**Exercise objective:**
Each entry below must be given again word for word, with no pictures.
════
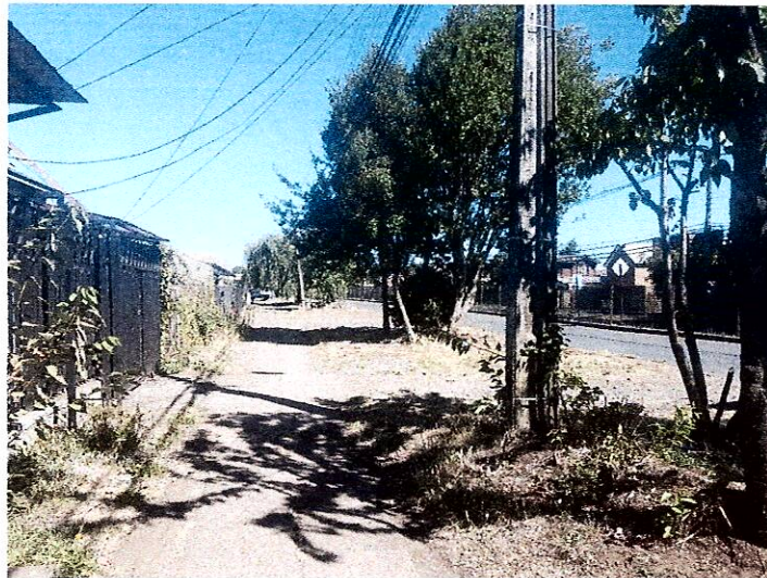
Ensanche Luis Durand, entre Chuquicamata y Javiera Carrera

Ruta Puerto Montt - Alerce Km 3,5 · X Región, Chile · Tel: (+56) 65 222 5100 · empresasln.cl
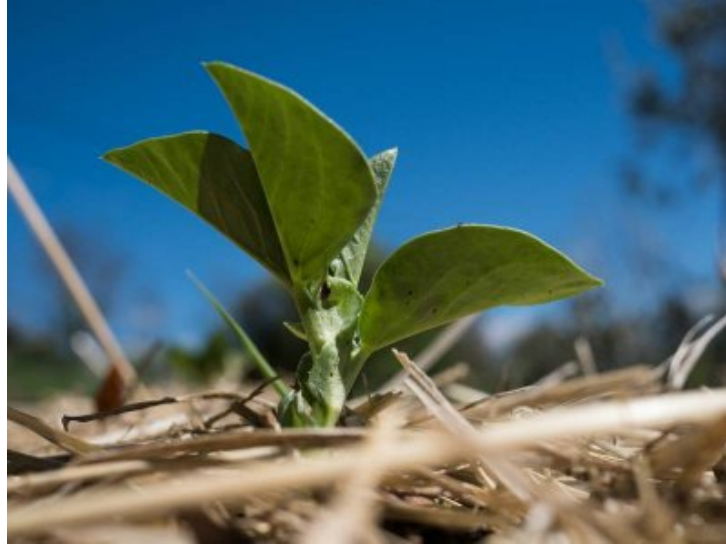
Crest : jardin collectif partagé aux Sétéreés, les fèves sortent
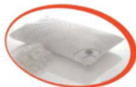
100% PIUMINO D' OCA
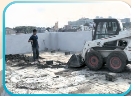
▲4樓及RF露台草皮清除
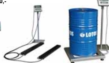
KPZ 1 B
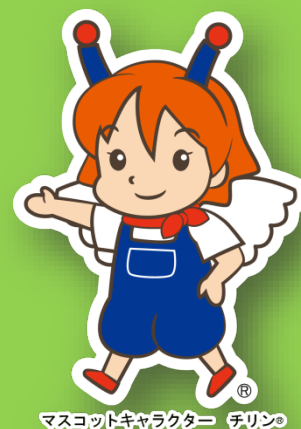
マスコットキャラクター テリン
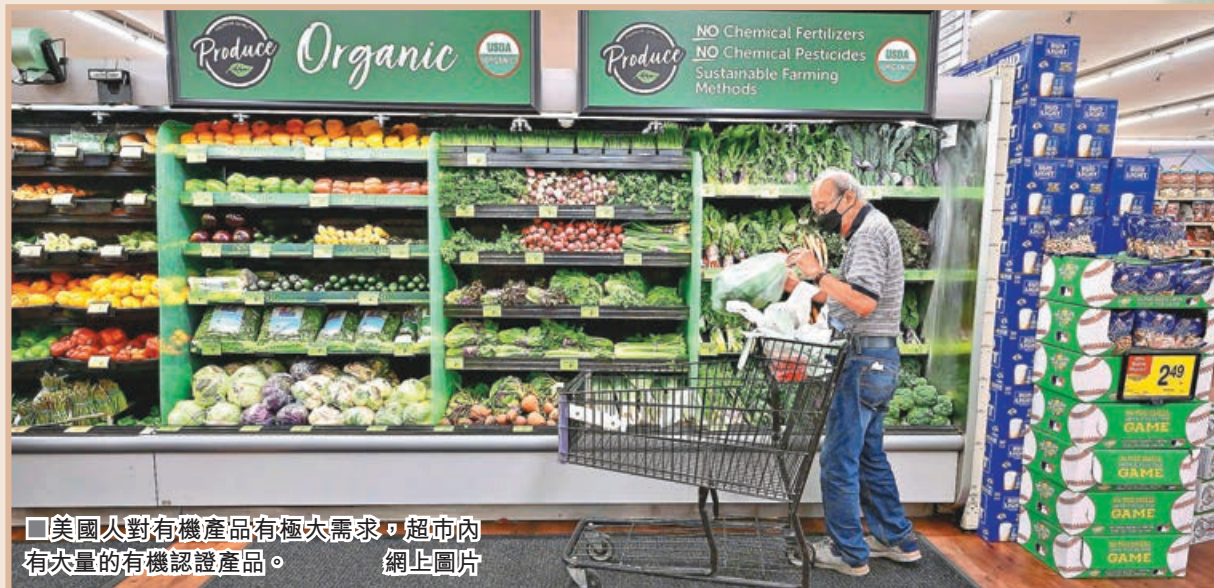
美國人對有機產品有極大需求，超市內有大量的有機認證產品。
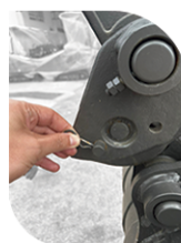
2. Tire o pino de segurança
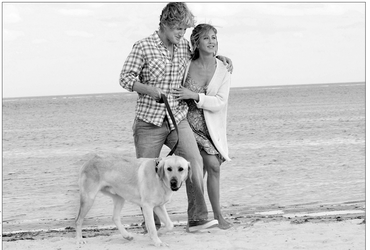
Кадр із фільму

У фільмі переважає сентиментальний тон, і це закономірно: в основу сценарію покладений проникливий мемуар-бестселер Джона Грогена, американського журналіста і публіциста, який надзвичайно душевно описав своє спільне життя з домашнім улюбленцем. За екранізацію книги узявся Девід Френкел, чий “Диявол носить Prada” став одним з головних успіхів 2006 року. Але найбільша приманка цього фільму — це актори, задіяні в головних ролях: Дженніфер Еністон і Оуен Уїлсон. Зірка серіалу “Друзі” не знімалася в кіно вже майже три роки, і глядачі встигли неабияк за нею скучити. З Уїлсоном історія інша — “Марлі
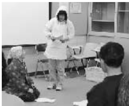
キャラバンメイトが寸劇を通じて認知症の人との接し方について分かりやすく説明

町地域包括支援センター(町介護保険課)はこのほど町立公民館で「認知症サポーター養成講座」を開催しました。
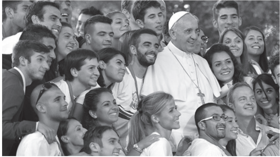
၂၀၁၈ ခု အောက်တိုဘာလ တွင် ကျင်းပခဲ့သော လူငယ်များအတွက် ညီလာခံအပြီး ပုပ်ရဟန်းမင်းကြီး အား လူငယ်များနှင့်အတူ တွေ့ရစဉ်

ကမ္ဘာ့ လူငယ်များနေ့ ကျင်းပရန် ပြင်ဆင် ဆောင်ရွက်သူများက ကမ္ဘာတစ်ဝှမ်းမှ လူငယ်များအား ခရီးဦးကြိုပြုရန် အသင့်ဖြစ်နေပြီဟု ပြောကြားခဲ့သည်။
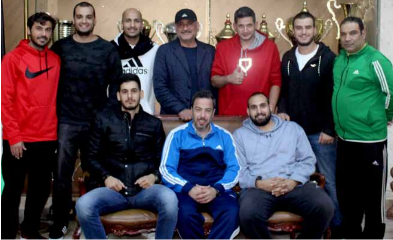
لقطة جامعة للجهازين الفني والاداري وفريق سلة الوحدات

الفني الأمريكي أريك خطط الأندية واللاعبين كافة.
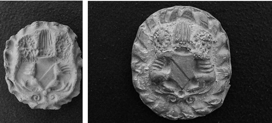
Afb. 2a. Applique-mal met afbeelding wapen van Utrecht. Afb. 2b. Afdruk van het wapen van Utrecht.
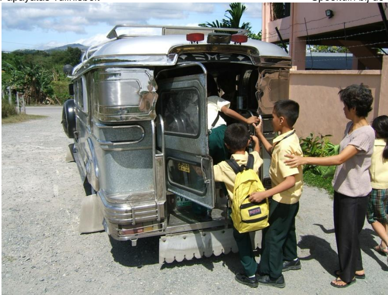
Busje waarmee leerlingen worden opgehaald
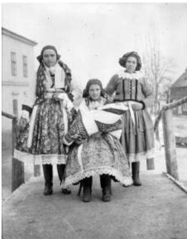
Obr. 127 Ženy ve slavnostních krojích Ostrožska, ve svrchním kabátku-kabani a v lajblech, matka s kojencem v úvodní plachtě. Ostrožská Lhota, 1908 (soukromá sbírka)

avrstičky- kordulky , také cajkové nebo manšestrové sedlcké oblečky tvořené kalhotami, sakem i vestičkou, do ní oblékali bílé košile sámkovice, po stranách sámků zdobené pruhy s květovanou výšivkou. Na hlavě nosili širáčky nebo beranice .
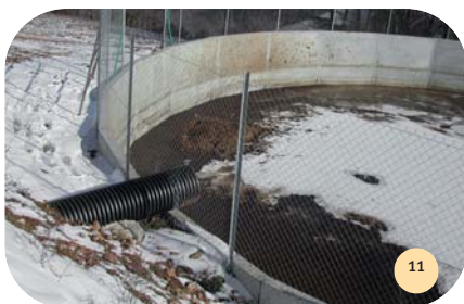
Vue de la fosse à lisier.
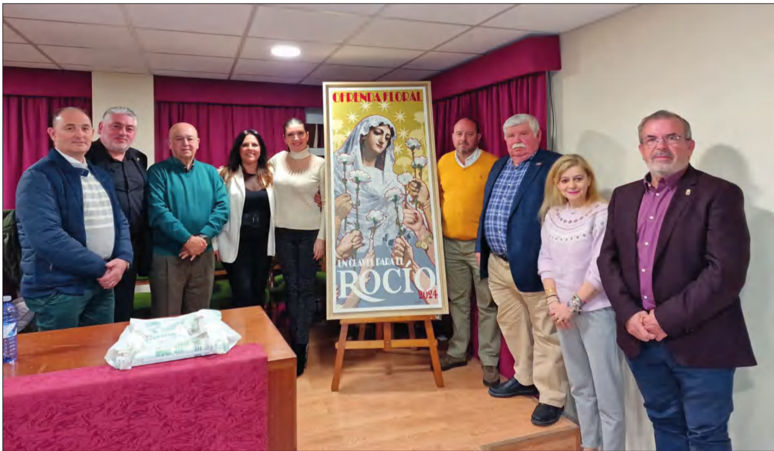
Participantes en la última sesión del Curso de Saetas en la Casa Hermandad de El Rocío, con la presencia de su hermano mayor.
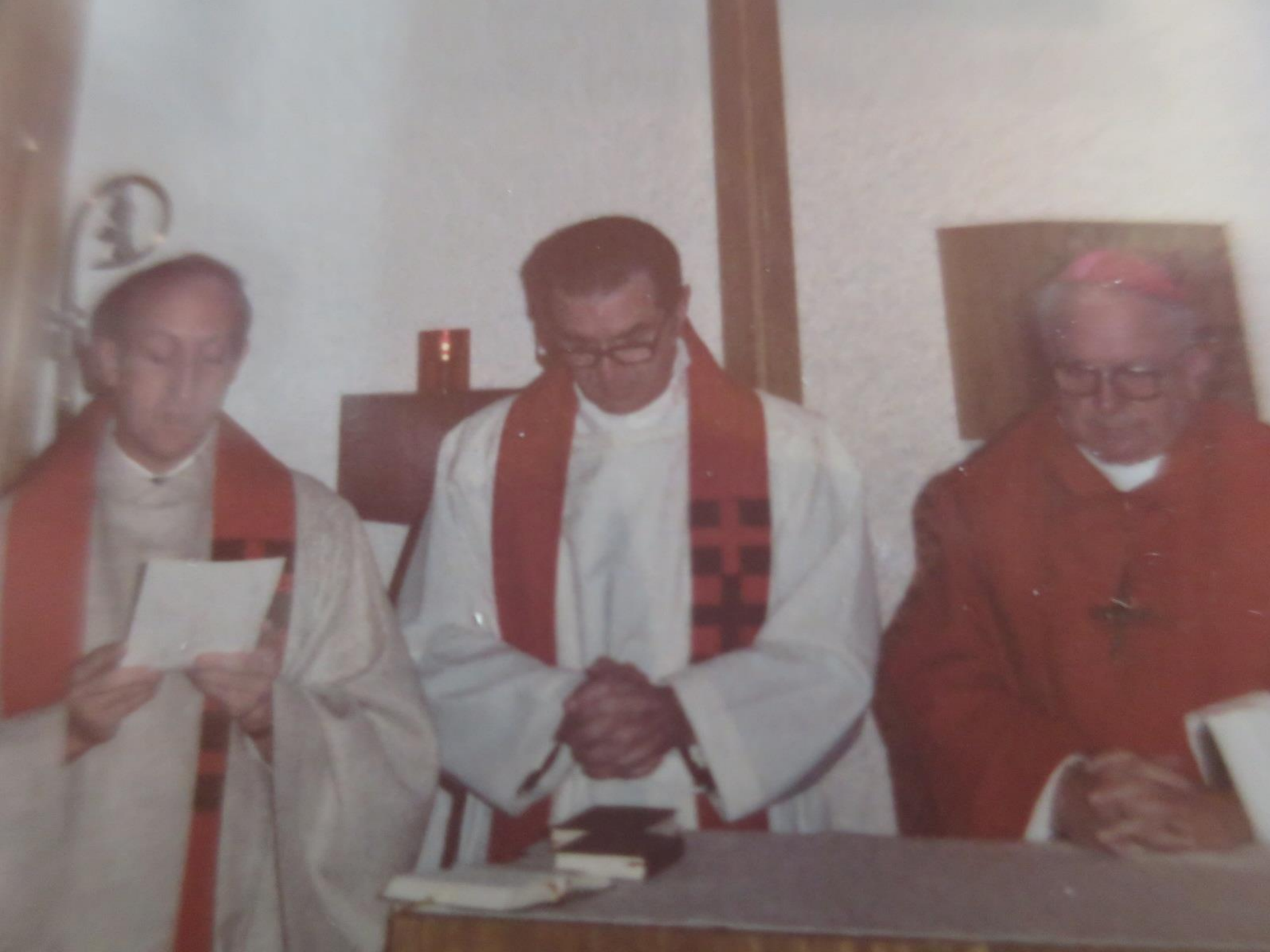
Kirchweih- Gottesdienst in der neuen Kirche
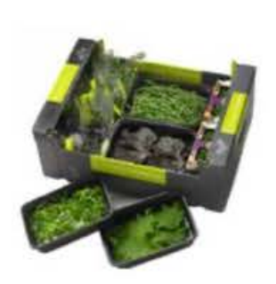
VE160 5 vaschette Assortimento "Sapore di mare"
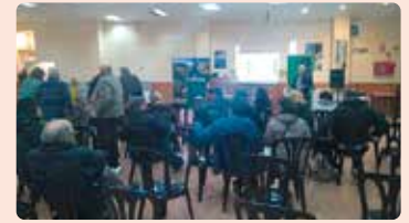
Charla sobre ayudas post-incendio en Bejis (Alto Palancia).
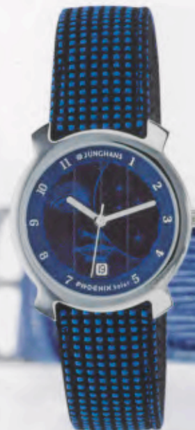
014/4855.00 »man in the moon« DM 199,-*

JUNGHANS PHOENIX SOLAR. ZEITGEIST AUF DEN PUNKT GEBRACHT. MIT DEM EINZIGARTIGEN JUNGHANS „SOLAR PRINTING“-VERFAHREN.
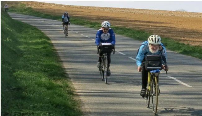
13) Superbes routes de la somme en terres de Poilus
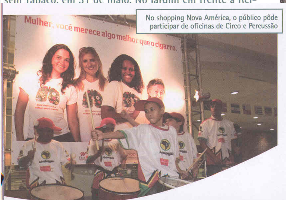
No shopping Nova América, o público pôde participar de oficinas de Circo e Percussão
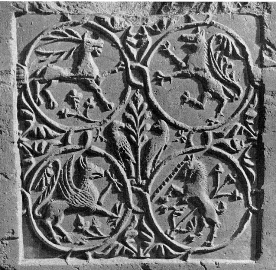
Abb. 9. Modelabdruck mit Emblemen. Um 1280.
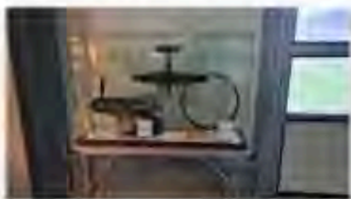
Vitrine zu Bodenfunden einer Ju 52

Noch im November gestaltete ein Vereinsmitglied eine neue Ausstellungsverglasung mit restaurierten Bodenfunden einer Ju-52 – einem Luftschraubengenerator und einer Peilantenne.
════
**Answer for this exercise:**
Ensanche Luis Durand, entre Chuquicamata y Javiera Carrera

Ruta Puerto Montt - Alerce Km 3,5 · X Región, Chile · Tel: (+56) 65 222 5100 · empresasln.cl
Crest : jardin collectif partagé aux Sétéreés, les fèves sortent
100% PIUMINO D' OCA
▲4樓及RF露台草皮清除
KPZ 1 B
マスコットキャラクター テリン
美國人對有機產品有極大需求，超市內有大量的有機認證產品。
2. Tire o pino de segurança
Кадр із фільму

У фільмі переважає сентиментальний тон, і це закономірно: в основу сценарію покладений проникливий мемуар-бестселер Джона Грогена, американського журналіста і публіциста, який надзвичайно душевно описав своє спільне життя з домашнім улюбленцем. За екранізацію книги узявся Девід Френкел, чий “Диявол носить Prada” став одним з головних успіхів 2006 року. Але найбільша приманка цього фільму — це актори, задіяні в головних ролях: Дженніфер Еністон і Оуен Уїлсон. Зірка серіалу “Друзі” не знімалася в кіно вже майже три роки, і глядачі встигли неабияк за нею скучити. З Уїлсоном історія інша — “Марлі
キャラバンメイトが寸劇を通じて認知症の人との接し方について分かりやすく説明

町地域包括支援センター(町介護保険課)はこのほど町立公民館で「認知症サポーター養成講座」を開催しました。
၂၀၁၈ ခု အောက်တိုဘာလ တွင် ကျင်းပခဲ့သော လူငယ်များအတွက် ညီလာခံအပြီး ပုပ်ရဟန်းမင်းကြီး အား လူငယ်များနှင့်အတူ တွေ့ရစဉ်

ကမ္ဘာ့ လူငယ်များနေ့ ကျင်းပရန် ပြင်ဆင် ဆောင်ရွက်သူများက ကမ္ဘာတစ်ဝှမ်းမှ လူငယ်များအား ခရီးဦးကြိုပြုရန် အသင့်ဖြစ်နေပြီဟု ပြောကြားခဲ့သည်။
لقطة جامعة للجهازين الفني والاداري وفريق سلة الوحدات

الفني الأمريكي أريك خطط الأندية واللاعبين كافة.
Afb. 2a. Applique-mal met afbeelding wapen van Utrecht. Afb. 2b. Afdruk van het wapen van Utrecht.
Busje waarmee leerlingen worden opgehaald
Obr. 127 Ženy ve slavnostních krojích Ostrožska, ve svrchním kabátku-kabani a v lajblech, matka s kojencem v úvodní plachtě. Ostrožská Lhota, 1908 (soukromá sbírka)

avrstičky- kordulky , také cajkové nebo manšestrové sedlcké oblečky tvořené kalhotami, sakem i vestičkou, do ní oblékali bílé košile sámkovice, po stranách sámků zdobené pruhy s květovanou výšivkou. Na hlavě nosili širáčky nebo beranice .
Vue de la fosse à lisier.
Participantes en la última sesión del Curso de Saetas en la Casa Hermandad de El Rocío, con la presencia de su hermano mayor.
Kirchweih- Gottesdienst in der neuen Kirche
VE160 5 vaschette Assortimento "Sapore di mare"
Charla sobre ayudas post-incendio en Bejis (Alto Palancia).
014/4855.00 »man in the moon« DM 199,-*

JUNGHANS PHOENIX SOLAR. ZEITGEIST AUF DEN PUNKT GEBRACHT. MIT DEM EINZIGARTIGEN JUNGHANS „SOLAR PRINTING“-VERFAHREN.
13) Superbes routes de la somme en terres de Poilus
No shopping Nova América, o público pôde participar de oficinas de Circo e Percussão
Abb. 9. Modelabdruck mit Emblemen. Um 1280.
Vitrine zu Bodenfunden einer Ju 52

Noch im November gestaltete ein Vereinsmitglied eine neue Ausstellungsverglasung mit restaurierten Bodenfunden einer Ju-52 – einem Luftschraubengenerator und einer Peilantenne.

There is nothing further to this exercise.